• **WHAT TO PRODUCE**
Only one portion of the data is to be written out: from the line bearing "Резинка-фиксатор надежно защищает" through the line bearing "하프시코드는 현악기로서 작동하며, 각". Write it exactly as it appears.

• **DATA UNDER STUDY**

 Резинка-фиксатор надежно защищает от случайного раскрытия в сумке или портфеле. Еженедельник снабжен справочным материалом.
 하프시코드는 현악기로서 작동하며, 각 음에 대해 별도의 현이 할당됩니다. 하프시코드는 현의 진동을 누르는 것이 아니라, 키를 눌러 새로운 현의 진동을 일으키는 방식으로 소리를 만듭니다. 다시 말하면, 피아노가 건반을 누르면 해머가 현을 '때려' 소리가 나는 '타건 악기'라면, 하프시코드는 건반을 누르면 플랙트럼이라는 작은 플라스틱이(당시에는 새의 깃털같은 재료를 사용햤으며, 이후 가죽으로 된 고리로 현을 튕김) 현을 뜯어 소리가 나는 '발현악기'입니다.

--

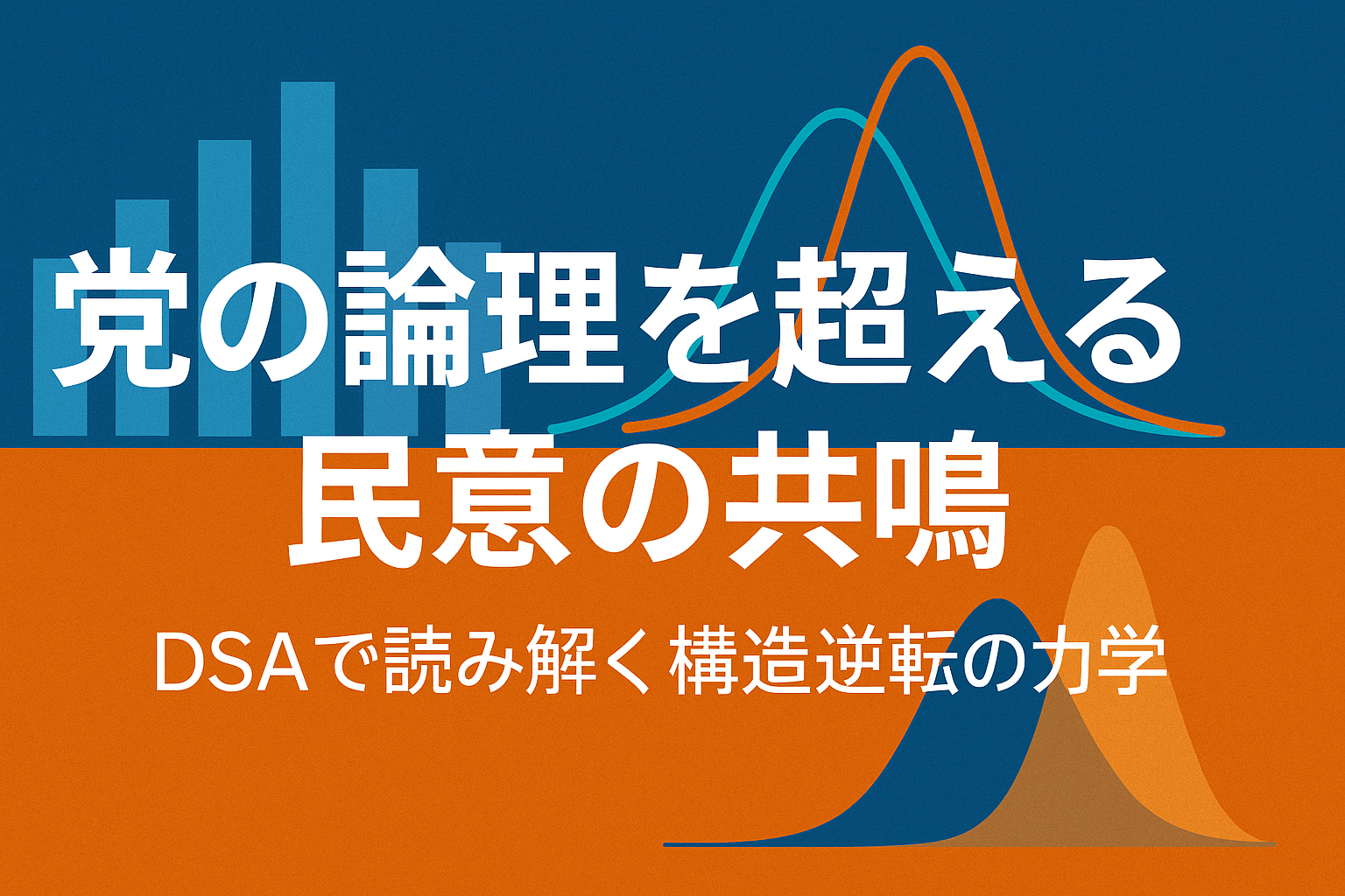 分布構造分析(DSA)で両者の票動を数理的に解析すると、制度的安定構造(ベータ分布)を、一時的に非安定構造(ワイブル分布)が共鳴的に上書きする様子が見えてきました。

• **EXERCISE OUTPUT**
 Резинка-фиксатор надежно защищает от случайного раскрытия в сумке или портфеле. Еженедельник снабжен справочным материалом.
 하프시코드는 현악기로서 작동하며, 각 음에 대해 별도의 현이 할당됩니다. 하프시코드는 현의 진동을 누르는 것이 아니라, 키를 눌러 새로운 현의 진동을 일으키는 방식으로 소리를 만듭니다. 다시 말하면, 피아노가 건반을 누르면 해머가 현을 '때려' 소리가 나는 '타건 악기'라면, 하프시코드는 건반을 누르면 플랙트럼이라는 작은 플라스틱이(당시에는 새의 깃털같은 재료를 사용햤으며, 이후 가죽으로 된 고리로 현을 튕김) 현을 뜯어 소리가 나는 '발현악기'입니다.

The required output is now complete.